Der Konflikt eskaliert

Doch dieser Wahlboykott ging schief: Ohne nennenswerte Opposition gewann die AL die Wahl haushoch – in mehr als der Hälfte der Wahlkreise wurde gar nicht erst abgestimmt, weil es keine Gegenkandidaten gab. Trotz der Farce blieben internationale Proteste aus, die AL blieb an der Macht. Die BNP, nun im Parlament nicht einmal mehr vertreten, trug darauf ihren Protest auf die Straße.

Anfang 2015 eskalierte der Konflikt. Zum ersten Jahrestag der boykottierten Wahl rief die BNP zu einer Demonstration mitten in der Hauptstadt Dhaka auf, Parteichefin Khaleda Zia sollte den Protest anführen.

Die Regierung verbot die Demonstration und riegelte die Straße von Zias Büro ab, Polizisten sperrten sie in ihrem Büro ein. Als Zia dennoch versuchte, das Gelände zu verlassen, wurde sie mit Pfefferspray beschossen. Die letzten Monate lebte sie dort in einer Art Hausarrest.

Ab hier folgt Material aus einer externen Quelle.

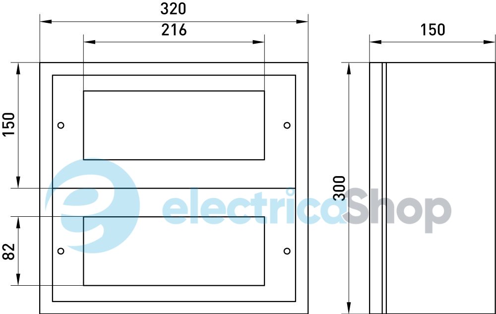 - Комплектация: Корпус - 1шт, Фальшпанель -2 шт, Дверь с уплотнителем - 1 шт, Замок с ключом - 1 шт, Din-рейка - 2 шт, Провода заземления с кольцевыми наконечниками - 1 шт.
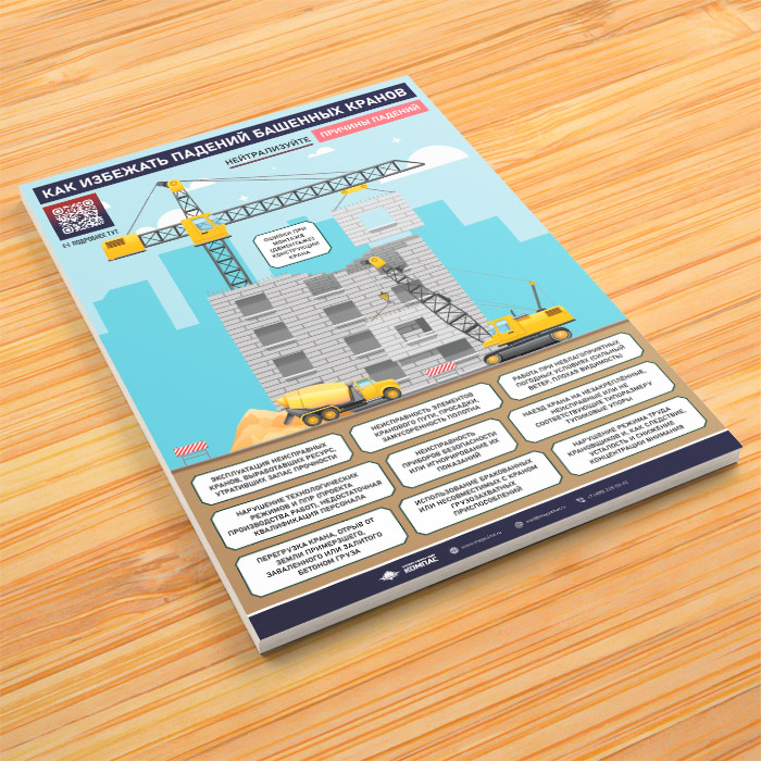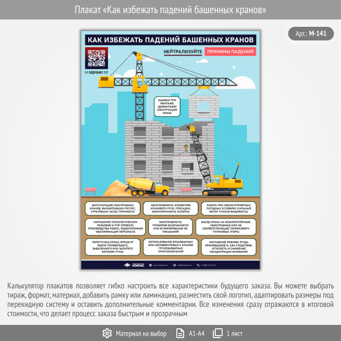 Плакат «Как избежать падений башенных кранов» с QR (М-141, 1 лист) в Великом Новгороде купить
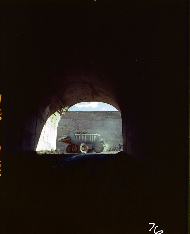 320394PD: Truck hauling ore out of Teutonic Bore mine, 1983

Seitdem ist auch das politische Repertoire der BNP stark eingeschränkt. Wochenlang bestand es darin, samstags einen dreitägigen Streik anzukündigen und diesen dann dienstags um zwei Tage zu verlängern – also die gesamte Arbeitswoche abzudecken.

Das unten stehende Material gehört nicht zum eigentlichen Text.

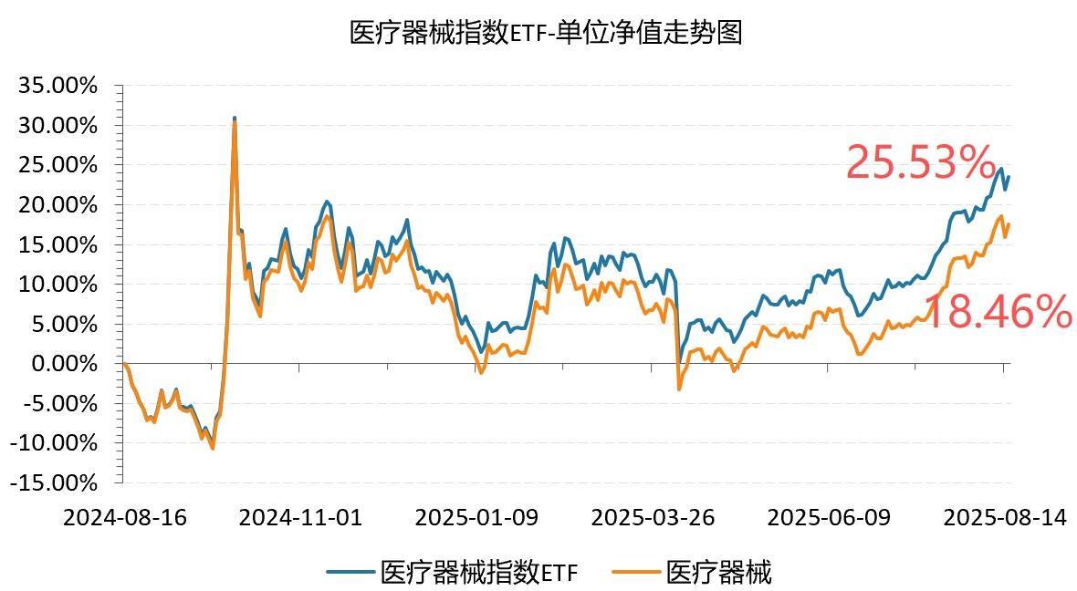 截至最新,这个ETF是相同标的ETF中年内涨幅最高的,最近10个交易日内获得近1亿的资金“净流入”。8月18日,刚开盘半小时,医疗器械指数ETF(159898)又获得1800万份的大额申购。
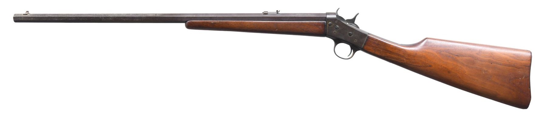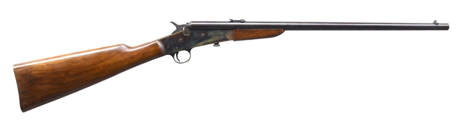 This lot consists of the following Remington rimfire rifles: 1) REMINGTON NO4. FALLING BLOCK RIFLE. Cal. 22 S & L. S# J280127. Bbl. 22 1/2" oct. Blade front sight. Sporting style rear sight. Smooth hardwood stock set. CONDITION: stock set is loose with added finish with tiny crack behind upper tang & scattered handling wear. Metal is a dull gray patina with scattered oxidation. Action is a bit sluggish but functional when hand cycled. Pitted poor bore. (24-7113/MJC). 2) REMINGTON MODEL 6 FALLING BLOCK RIFLE. Cal. 22 S, L, LR. S# 451639. Bbl. 20" rnd. Silver bead front sight. Sporting style rear sight. Case colored action. Blued bbl. Hardwood stock set. CONDITION: stock set has added varnish with scattered flaking & handling marks. Action retains most of its case colors with scattered varnish overrun, fading & light oxidation. Bbl. retains 50% blue with scattered edge wear, varnish overrun & light oxidation. Action functions properly when hand cycled. Very good bright bore. (24-7126/MJC). BOTH CURIO. $300-500 for pair.
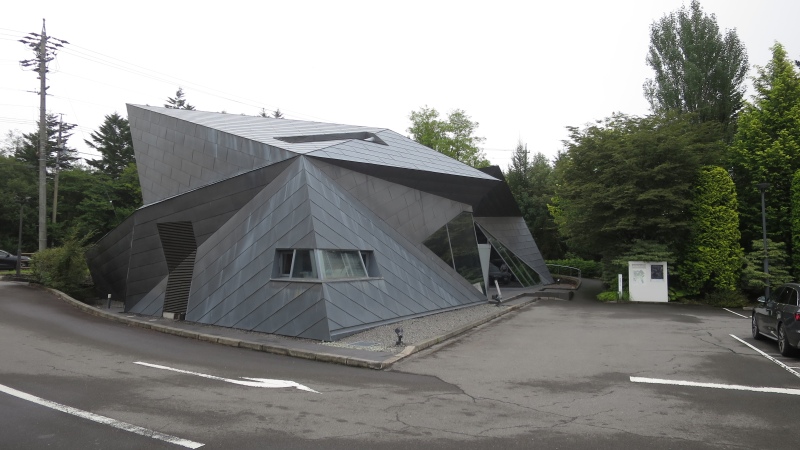 駐車場の奥に、建物があります。あれが美術館か、と思ったのですが。
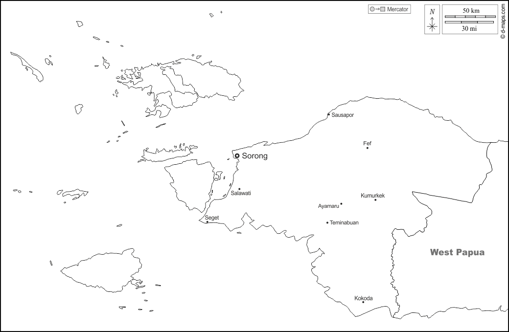 d-maps > Asia > Indonesia > Southwest Papua > boundaries, main cities, names, white
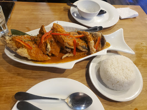 Read moreWent here for the first time. We went early evening on Friday. The place was empty except for maybe 3 tables. There was 5-6 staff people just behind the desk and workng in the front. The staff was stand-offish, didn't really greet us except for one who then proceeded to ask if we had reservations. I said no...i then asked about seating off to the side and she said those were reserved (no one sat there the entire time we were there). She then told us we had 90 minutes only to sit, order and eat. we had 3 adults and 2 children. I get the limit but found it odd to mention that especialy since it was our first time here. They have only chicken and beef halal options and there is pork on the menu just fyi. The food we ordered was just okay. We ordered a fried whole fish. When it came it was cut in pieces and deep fried. They bring the whole fish and present it with the cut pieces. It was very hard. I didn't see any actual fish meat but the fried parts were moreso bones and a thick batter layer. It was terrible. So not worth the price. You are better off buying your own fish and just throwing it onto the bbq. I will most likely not ever come to this restaurant again. There's plenty of nice thai restaurants with better food portions and flavor. Staff makes a huge difference and customers' experiences. I would give them 0 out of 5...
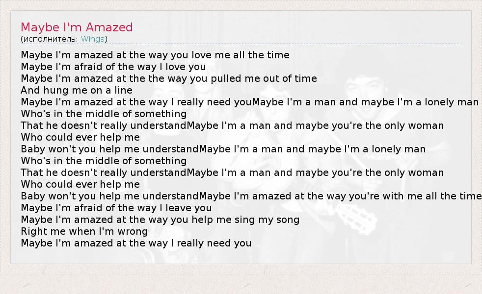 А как ты думаешь, о чем песня "Maybe I'm Amazed" ?
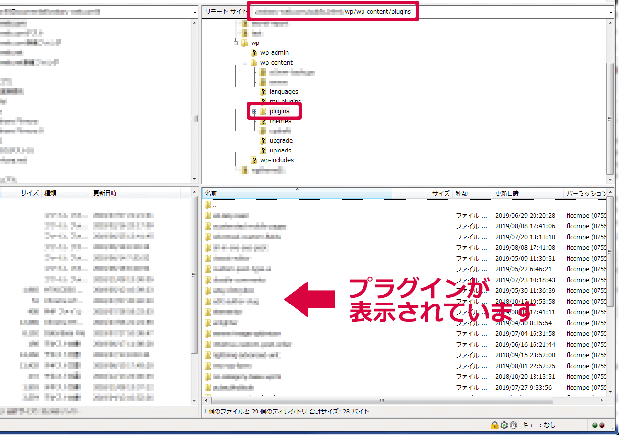 2. プラグインのディレクトリを見つける(プラグインのディレクトリは「/wp-content/plugins/」です)
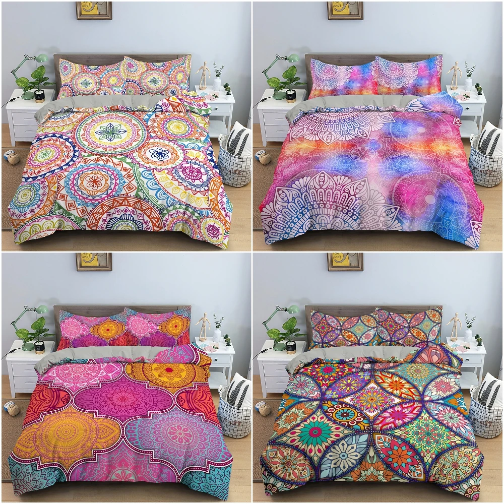 Комплект постельного белья с 3d-изображением экзотической мандалы, романтичное богемное одеяло, чехол в стиле бохо, Круглый и цветочный пододеяльник, мягкий комплект постельного белья из микрофибры

Generalstreiks laufen ins Leere

Doch auf den Straßen war dieser Massenstreik wegen der tausendfachen Festnahmen von Aktivisten kaum zu spüren. In den Medien wurden die Brandanschläge auf trotzdem verkehrende Busse wegen der damit verbundenen Todesopfer heftig kritisiert.

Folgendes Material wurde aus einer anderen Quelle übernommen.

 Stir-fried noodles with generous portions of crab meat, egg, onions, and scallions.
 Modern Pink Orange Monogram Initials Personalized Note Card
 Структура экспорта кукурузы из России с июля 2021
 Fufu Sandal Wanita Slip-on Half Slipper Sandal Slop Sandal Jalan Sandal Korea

Nun scheint die BNP resigniert: Seit letzter Woche ist nicht mehr jeder Tag ein „Streik“, die BNP nimmt nach anfänglicher Weigerung doch an Dhakas Bürgermeisterwahl teil, und am Sonntag ließ sich Khaleda Zia ins Gericht fahren, um der drohenden Verhaftung zu entgehen. Von der einst mächtigen Oppositionspartei ist wenig übrig.